I’ve been busier than a bee trying to get this portraiture thing jump started, and it appears to finally be taking off. Doing a trade shoot seems like a great idea, but I’m learning that it is definitely talked about a lot more than it actually is practiced. For those of you that don’t know what that means, a trade shoot usually involves multiple parties that offer their services free of charge in exchange for the experience and images that can later be used in their portfolio. So, the model, photographer, make-up artist, hair stylists and anyone else involved would do a freebie in order to advertise their “craft” for pay at a later date. Everyone needs to walk around with a portfolio, so it just makes sense.
Now, trying to find these people proves to be the greatest challenge. Of course, you run the risk of working with people of much less experience than you or someone just starting out, so one of you may drop the ball. In doing so, the collaborative effort may not end up a success, but you hope that in the experience, you take something away to make you a better artist.
Although I was sure that I wouldn’t be able to find anyone in that position to work with, I am happy to report that I have a number of prospects that I hope to be working with in the month of September to share with you guys shortly. I have been working different concepts with different models, so I’m hoping to give a little variety and not do more of the same.
Tonight’s posting comprises the last of the images taken on my last trip to Mexico City when I got together with a long time friend that had expressed interest in my photographing her. This is not something she was used to, so the photo shoot was improvised and kept short. To give you a better idea of how improvised it was, I hadn’t planned on going through with it so I hadn’t packed any lighting equipment at all!! So, when she agreed to it, I naturally panic internally and immediately had my mind going a million miles an hour trying to figure out how I would get the shots and work with the little light I had available.
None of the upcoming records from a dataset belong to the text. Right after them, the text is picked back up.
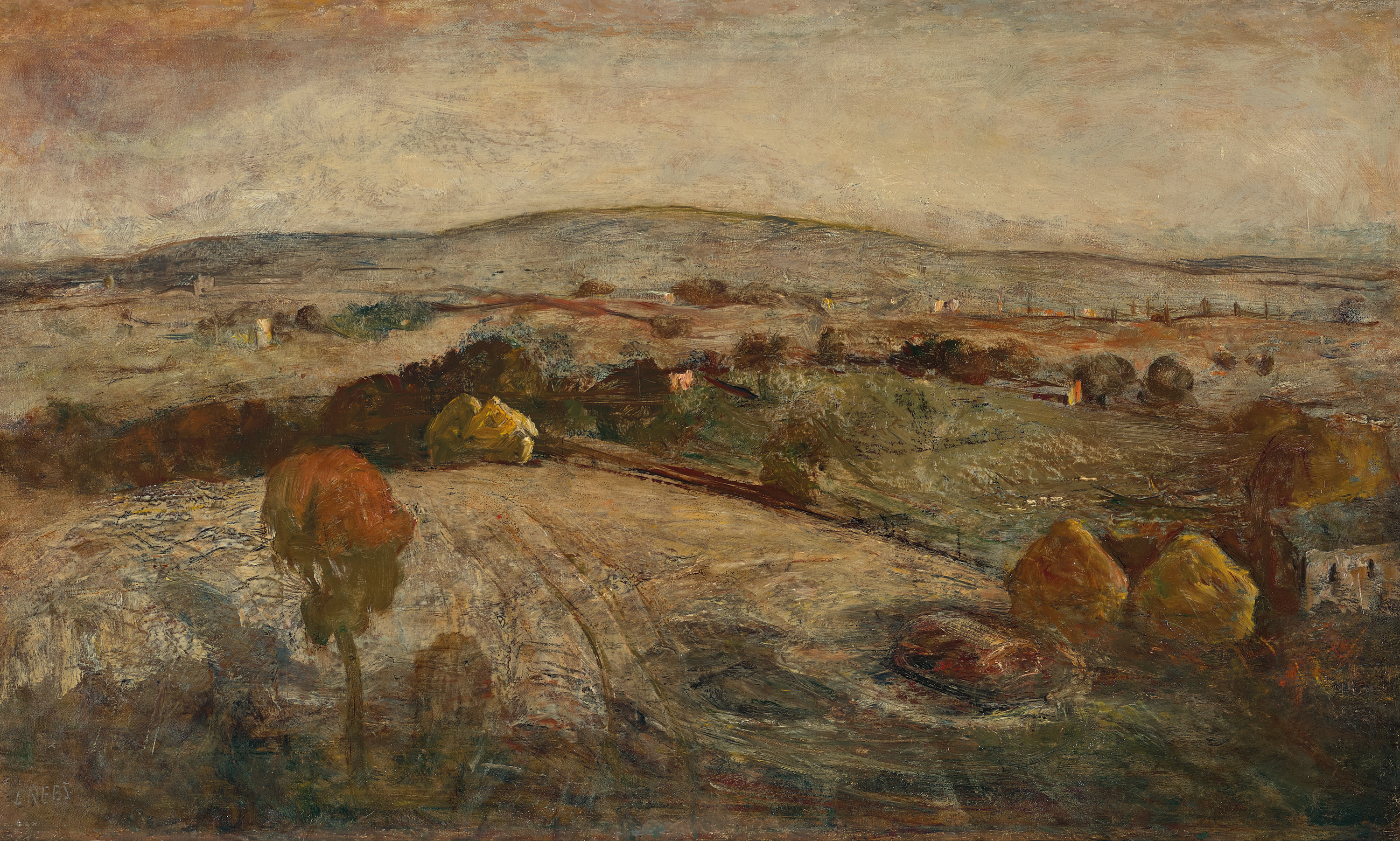 In his mastery of the landscape, Lloyd Rees imbued his paintings with life and atmosphere, overflowing with memories. Through the tilled soils and ancient buildings in his paintings of France, Italy and Greece, Rees celebrated man’s beneficial presence over the millennia. In Australia he brought that same humanising element to his work, of houses, haystacks and other evidence of habitation, as is so evident in Hills of Bathurst, c.1944. The fruitfulness of his views is matched by the fertility of his imagination, rich in romantic associations and bathed in light that is almost palpable. Brett Whiteley, who greatly admired Rees’s art, described his paintings as ‘completely real descriptions, yet abstract at the same time.’1 The formal qualities of his work are as appealing as the recollections they evoke. Landforms swell and whisper of fertility and the goodness of the earth. Of landscape painting, Rees wrote, ‘In the first case the inspiring moment would come from nature; a glimpse of exciting shapes and forms, or a passing mood of light or air. These would be fixed in memory by a sketch... and from this the picture would grow.’2 The painting, of course, ‘has an inner life of its own, independent of the subject matter’ and grew freely in the studio.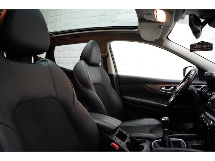 De Nissan Qashqai is een goed voorbeeld van Japanse bouwkwaliteit. De aandrijving van deze Nissan wordt verzorgd door een viercilinder motor en een handgeschakelde zesversnellingsbak. Stijl en comfort krijg je erbij in de vorm van een fraai lederen interieur. Behaaglijk onderweg zijn? Als bestuurder geniet u van de verwarmbare voorstoelen. Net als uw bijrijder! Het glazen panoramadak geeft u een ongekende rijsensatie: wat een licht en zicht! Bij de uitrusting van deze auto horen onder meer LED koplampen, extra getint glas, in delen neerklapbare achterbank, LED-achterlichten, verstelbare lendensteunen en snelheidsafhankelijke stuurbekrachtiging.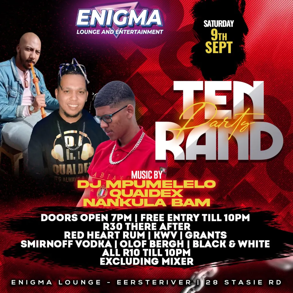 Enigma Lounge and Entertainment presents a Ten Rand Party on Saturday with music by DJ Mpumelelo, Quaidex and Nankula Bam. Doors open at 7pm and entry is free till 10pm then R30 thereafter. Selected drinks such as Red Heart Rum, KWV, Grants and more are all R10 till 10pm.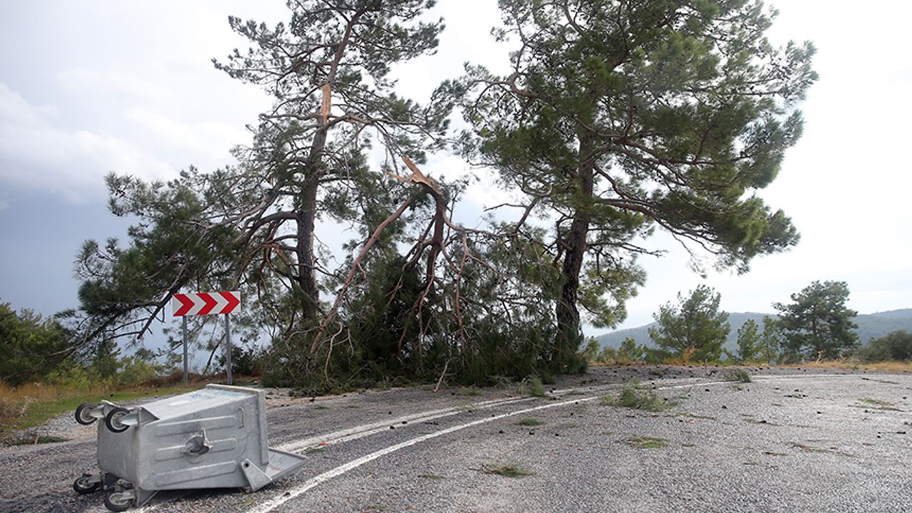 Bölgede etkili olan fırtına nedeniyle Akbük-Muğla kara yolu kenarında bulunan çam ağaçları ve çöp konteynerleri de devrildi.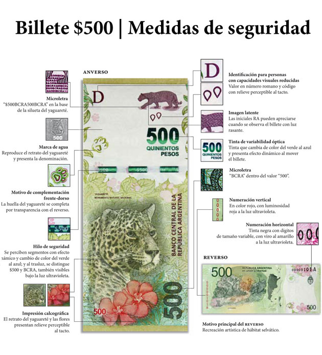 "La nueva familia de billetes busca resaltar nuestras riquezas naturales y concientizar sobre la preservación de nuestro medio ambiente. Cuenta con las más estrictas medidas de seguridad y con un novedoso diseño vertical en su anverso. En la actualidad, ya se encuentran cuatro denominaciones en circulación: $1.000 (con la imagen del hornero), $500 (yaguareté), $200 (ballena franca austral) y $20 (guanaco)", señaló el BCRA en un comunicado.

The main shot we were going after was actually inspired by an image taken in the 60’s of Sophia Loren. This black and white image moved me a lot, so we were trying to mimic the styling of it. Were we going after a perfect replica? No, not really. But, I think we had both looked at the image enough times that it was embedded in our head, so the shot naturally shifted towards duplicating it. Can you go wrong with trying to duplicate genius? Probably not, especially while you are still trying to define your own style. But, alas, I don’t even know who to credit with the inspiration for the image, as I haven’t been able to find the name of the photographer that took the original image. We both loved how the image turned out. We probably shot for it about half a dozen times, but this one proved to be just the right combination of composition, shadows and positioning of limbs to make the image work.
I alluded to the fact that lighting was a challenge, so let me share with you the odyssey that ensued. With our schedules all out of whack, we kept missing each other and I was down to the last evening I was spending in Mexico City. When she did get a hold of me and asked what I was doing, I had a clear schedule. She asked if I would accompany her to get her hair done, and I obviously replied with an over-enthusiastic and mainly sarcastic response. When I figured out that she was serious about the request, I then figured I would take it to the extreme and asked if we would then go for the photo shoot that we had talked about many months before. She agreed and I thought, “Oh, shit!!”
I went along to hang out while she got her hair done only to realize that all the murals of fashion glamour images on their walls advertising the hair stylists work were actually taken by the hairstylist as well. As soon as he was done with her and we started talking “shop”, I swear that we were like two little girls going back and forth over photography concepts, lighting schemes and compositional techniques. Unfortunately, I had to be pulled away from the conversation since they were closing up shop, but just in that, I picked up a lot of great information from a portrait photographer that clearly had been doing it for years.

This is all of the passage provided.